Load the provided R function into the R script repository with the provided name.

ore.scriptDrop

sys.rqScriptDrop

Remove the named R function from the R script repository.

Table 1: Embedded R Execution and R Script Repository function summary


Using ore.doEval and rqEval


The first of the embedded R functions we cover are also the simplest. The R function ore.doEval and the SQL function rqEval do not automatically receive any data from the database. They simply execute the function f provided. Any needed data is either generated within f or explicitly retrieved from a data source such as Oracle Database, other databases, or flat files.

R API


In the R interface, users can specify an R function as an argument to ore.doEval, or use the name of that function as stored in the R script repository. For example, the function RandomRedDots returns a data.frame with two columns and plots 100 random normal values. To invoke the function through the database server requires minimal specification with ore.doEval.

RandomRedDots <- function(divisor=100){
id<- 1:10
plot(1:100, rnorm(100), pch = 21, bg = "red", cex = 2 )
data.frame(id=id, val=id / divisor)
}
ore.doEval(RandomRedDots)


Here is the result, where the image is displayed at the client, but generated by the database server R engine that executed the function f.

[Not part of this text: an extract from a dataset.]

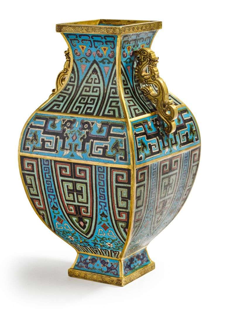 Vase fanghu en alliage de cuivre doré et émaux cloisonnés polychromes sur fond bleu, le col flanqué de prises en forrme de dragons stylisés, à décor d'ailes de cigales, dragons kui affrontés et enroulements archaïsants. Marque apocryphe Qianlong sur la base. H. 31 cm (Rayures et petites traces d'oxydation)

We can provide arguments to f as well. To override the divisor argument, provide it as an argument to ore.doEval. Note
that any number of parameters, including more complex R objects such as models can be passed as arguments this way.

ore.doEval(RandomRedDots, divisor=50)


Behind the scenes: when passing the function itself (as above), ORE implicitly stores the function in the R script repository before executing it. When finished executing, the function is dropped from the repository. If we want to store this function explicitly in the repository, we can use ore.scriptCreate:

ore.scriptCreate("myRandomRedDots",
RandomRedDots)


Now, the function can be invoked by name:

ore.doEval(FUN.NAME="myRandomRedDots",divisor=50)


The return value of f is a data.frame, however, if we capture the result in a variable, we’ll notice two things: the class of the return value is ore.object and the image does not display.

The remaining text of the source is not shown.